* [Work order]
Transcribe only the part of the material below that begins at the line containing "Thủ tướng Chính" and ends at the line containing "(NBA)Gender:MenCountry/Region of Manufacture:Guatemala", with both kept and images left out.

* [Given information]
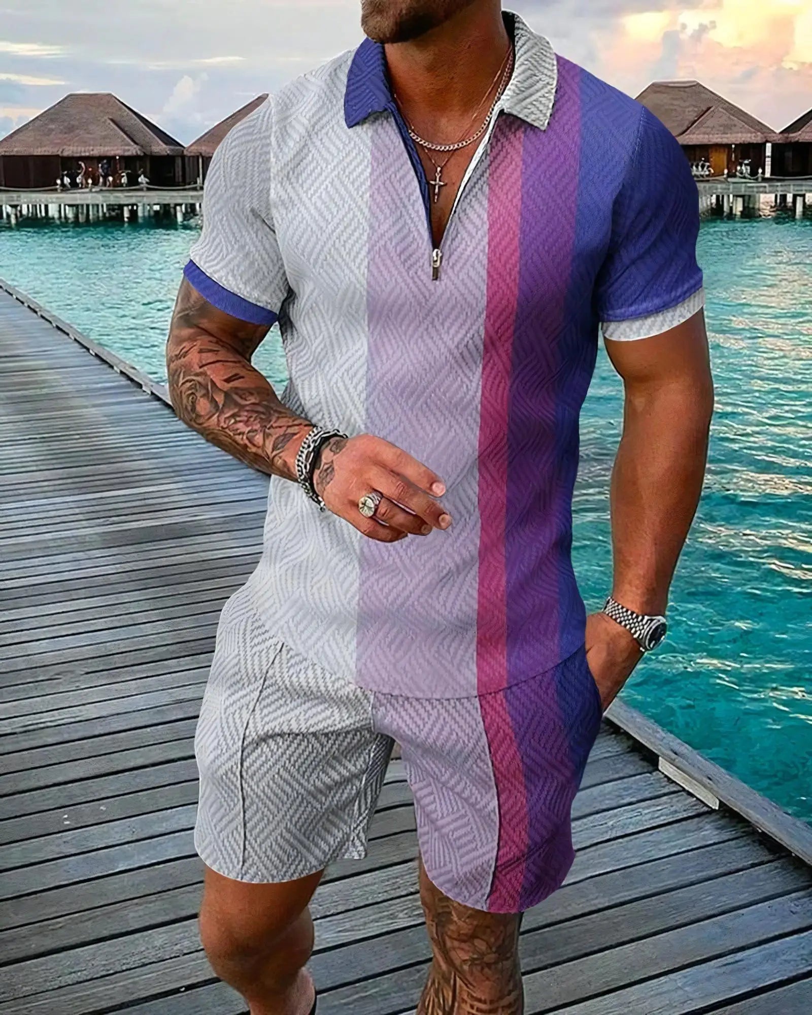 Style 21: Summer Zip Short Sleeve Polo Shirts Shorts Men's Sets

==

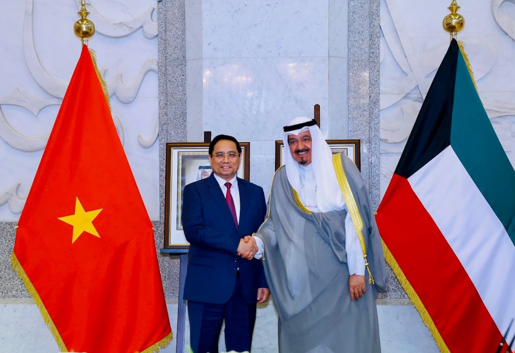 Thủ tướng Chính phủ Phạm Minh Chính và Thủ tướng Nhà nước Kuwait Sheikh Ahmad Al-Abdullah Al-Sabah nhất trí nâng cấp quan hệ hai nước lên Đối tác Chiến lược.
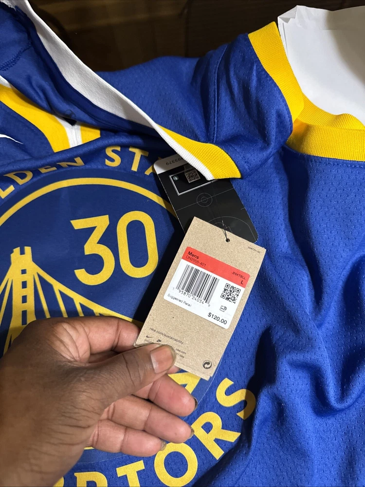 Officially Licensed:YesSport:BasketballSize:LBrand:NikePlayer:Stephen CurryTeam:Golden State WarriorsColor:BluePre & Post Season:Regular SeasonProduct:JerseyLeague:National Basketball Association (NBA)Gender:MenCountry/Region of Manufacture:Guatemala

---

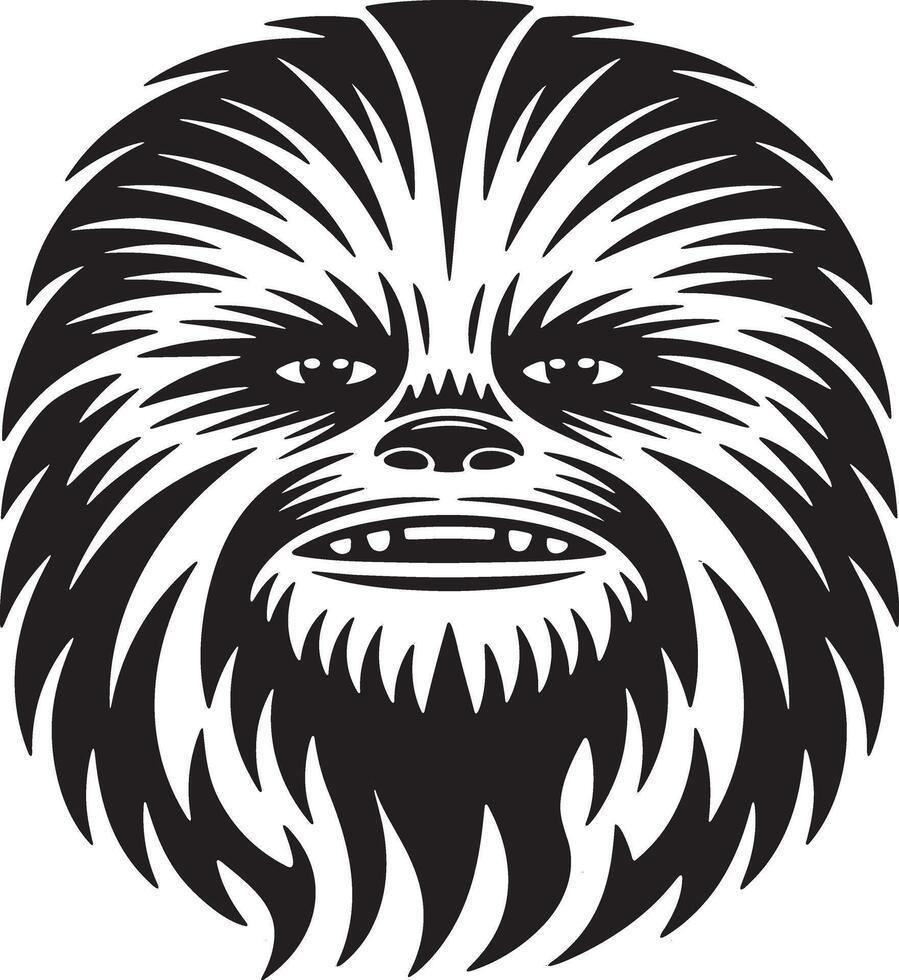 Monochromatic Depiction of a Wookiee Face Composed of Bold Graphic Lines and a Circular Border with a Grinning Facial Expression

* [Solution]
 Thủ tướng Chính phủ Phạm Minh Chính và Thủ tướng Nhà nước Kuwait Sheikh Ahmad Al-Abdullah Al-Sabah nhất trí nâng cấp quan hệ hai nước lên Đối tác Chiến lược.
 Officially Licensed:YesSport:BasketballSize:LBrand:NikePlayer:Stephen CurryTeam:Golden State WarriorsColor:BluePre & Post Season:Regular SeasonProduct:JerseyLeague:National Basketball Association (NBA)Gender:MenCountry/Region of Manufacture:Guatemala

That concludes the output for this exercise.